Last year I thought the Spurs were just a BORING fundamental team;

But this year its not the case, watching this series
Parker is SOO fun to watch
Ginobli and Turkolgu and even Bowen are fun to watch when they hit shots

It was just an all around fun series (sorry Memphis fans) I would much rather have the Spurs win then the Lakers or T-Wolves


----------



## cimalee (Apr 17, 2003)

crush those smelly lakers


----------



## texan (Jul 10, 2003)

hopefully so; nice to know someone appreciates our team


----------



## Starks (Feb 22, 2004)

After reading the Lakers/Spurs playoff thread many posters believe the Spurs will win the series. I agree with them. It may be a best of seven but they are more than capable of beating the Lakers in a playoff series. Parker is going to be an x-factor. He needs to continue to play at a high level if the team wants to win.


----------



## Luiz_Rodrigo (Dec 2, 2003)

> Originally posted by <b>Starks</b>!
> After reading the Lakers/Spurs playoff thread many posters believe the Spurs will win the series. I agree with them. It may be a best of seven but they are more than capable of beating the Lakers in a playoff series. Parker is going to be an x-factor. He needs to continue to play at a high level if the team wants to win.


Starks, it´ll be a hard series, but both teams can win it.
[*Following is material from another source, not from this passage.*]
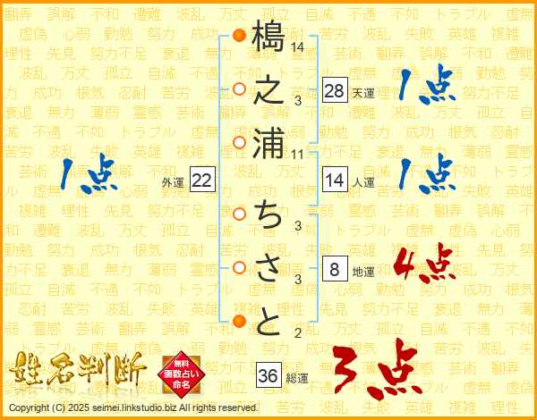 生活面を象徴する運勢です。外部から受ける影響力を表し、結婚運、家庭運や職場、環境への順応性を表します。総運から人運を引いた画数。姓や名が1文字の場合を除く。

San Antonio is playing an amanzing basketball, and Lakers isn´t playing the same that was playing in the begining of the season (sorry Houston´s fans, but beat the Rockets in a balanced series isn´t nothing marvelous for a contender).
To me, the series will be decided in the pg duel... Parker x Payton/Fisher.
If the Lakers´ point guards outduel the french, they are the favoites, if not... Spurs has everything to win.


----------



## cimalee (Apr 17, 2003)

lakers are done spurs will win in 5


----------